- _Source records_
───

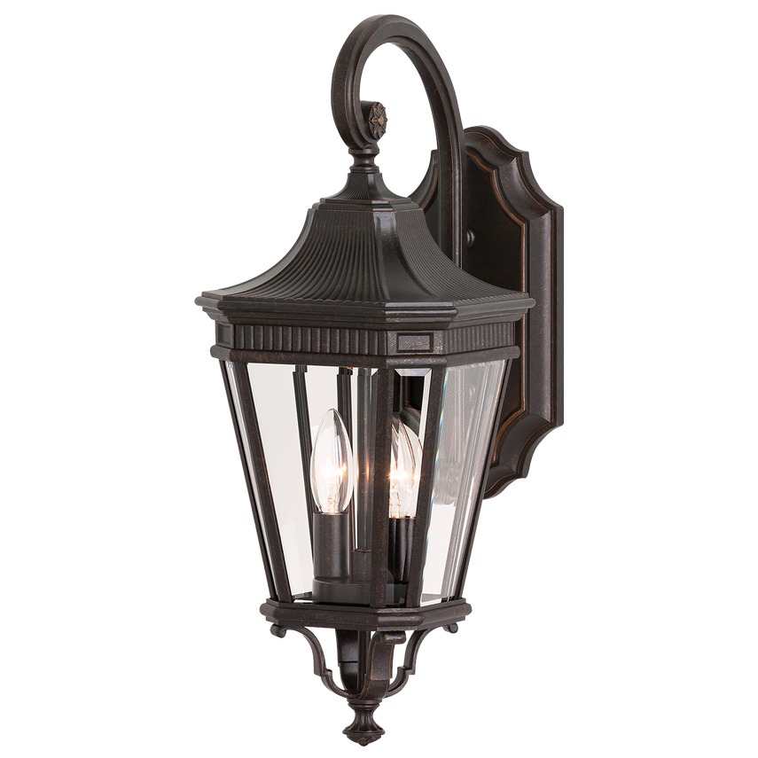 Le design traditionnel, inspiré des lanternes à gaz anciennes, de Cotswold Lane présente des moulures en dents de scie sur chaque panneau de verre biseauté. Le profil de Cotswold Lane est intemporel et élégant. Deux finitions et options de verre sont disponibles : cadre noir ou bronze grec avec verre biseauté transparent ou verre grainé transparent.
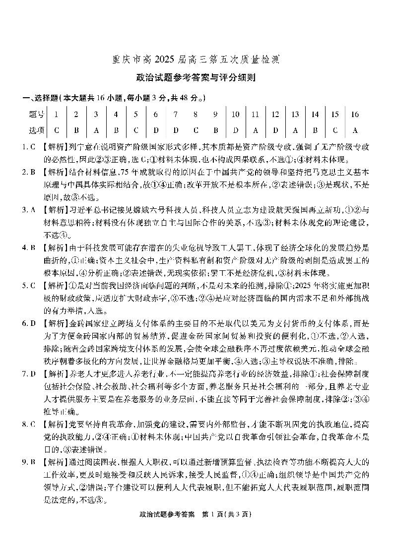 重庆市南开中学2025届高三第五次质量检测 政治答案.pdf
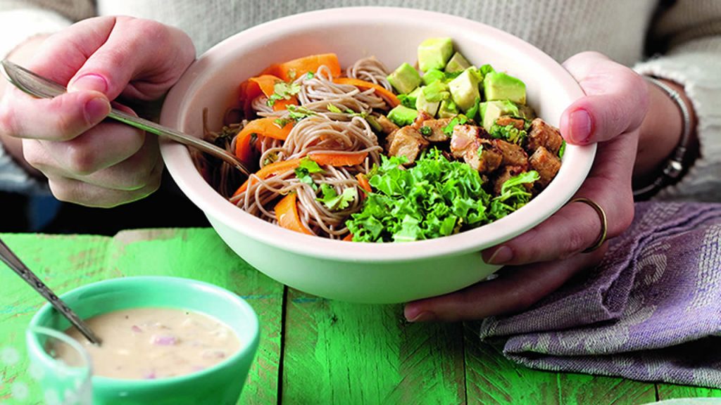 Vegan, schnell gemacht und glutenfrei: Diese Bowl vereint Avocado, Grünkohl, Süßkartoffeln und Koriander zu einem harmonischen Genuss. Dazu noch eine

───

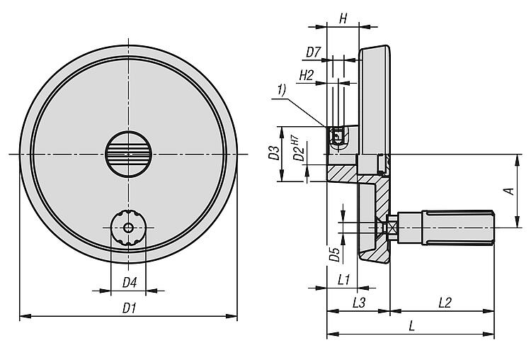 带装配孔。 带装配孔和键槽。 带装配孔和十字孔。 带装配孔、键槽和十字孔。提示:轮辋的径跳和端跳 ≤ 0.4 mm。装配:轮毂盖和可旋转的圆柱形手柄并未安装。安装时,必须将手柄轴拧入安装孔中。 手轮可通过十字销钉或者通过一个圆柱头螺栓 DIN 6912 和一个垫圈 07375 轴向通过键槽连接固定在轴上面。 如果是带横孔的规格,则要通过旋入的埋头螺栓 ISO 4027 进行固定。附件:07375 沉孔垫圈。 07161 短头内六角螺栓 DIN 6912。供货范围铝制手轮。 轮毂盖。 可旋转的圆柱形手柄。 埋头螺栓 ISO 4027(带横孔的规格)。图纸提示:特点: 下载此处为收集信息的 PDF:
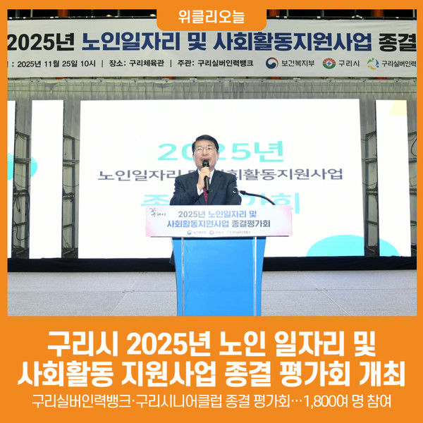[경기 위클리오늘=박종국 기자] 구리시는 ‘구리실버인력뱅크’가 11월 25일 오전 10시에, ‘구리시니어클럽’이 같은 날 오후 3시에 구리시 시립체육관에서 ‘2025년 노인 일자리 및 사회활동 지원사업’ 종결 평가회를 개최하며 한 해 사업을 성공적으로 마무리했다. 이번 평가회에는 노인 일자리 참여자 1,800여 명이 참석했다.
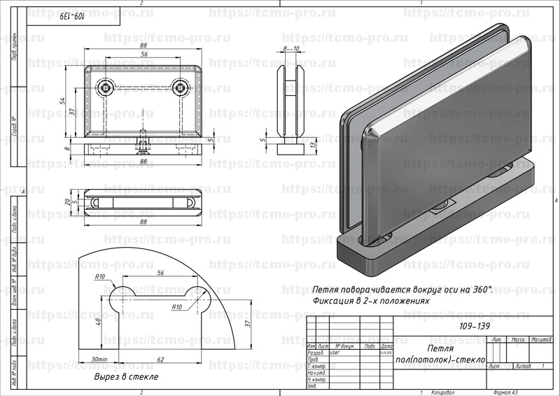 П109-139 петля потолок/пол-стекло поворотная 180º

───

- _Task_
Above, find the line holding "重庆市南开中学2025届高三第五次质量检测 政治答案.pdf" and the line holding "Vegan, schnell gemacht". Print exactly those two lines and every line between them, but no pictures.

- _Your solution_
 重庆市南开中学2025届高三第五次质量检测 政治答案.pdf
 Vegan, schnell gemacht und glutenfrei: Diese Bowl vereint Avocado, Grünkohl, Süßkartoffeln und Koriander zu einem harmonischen Genuss. Dazu noch eine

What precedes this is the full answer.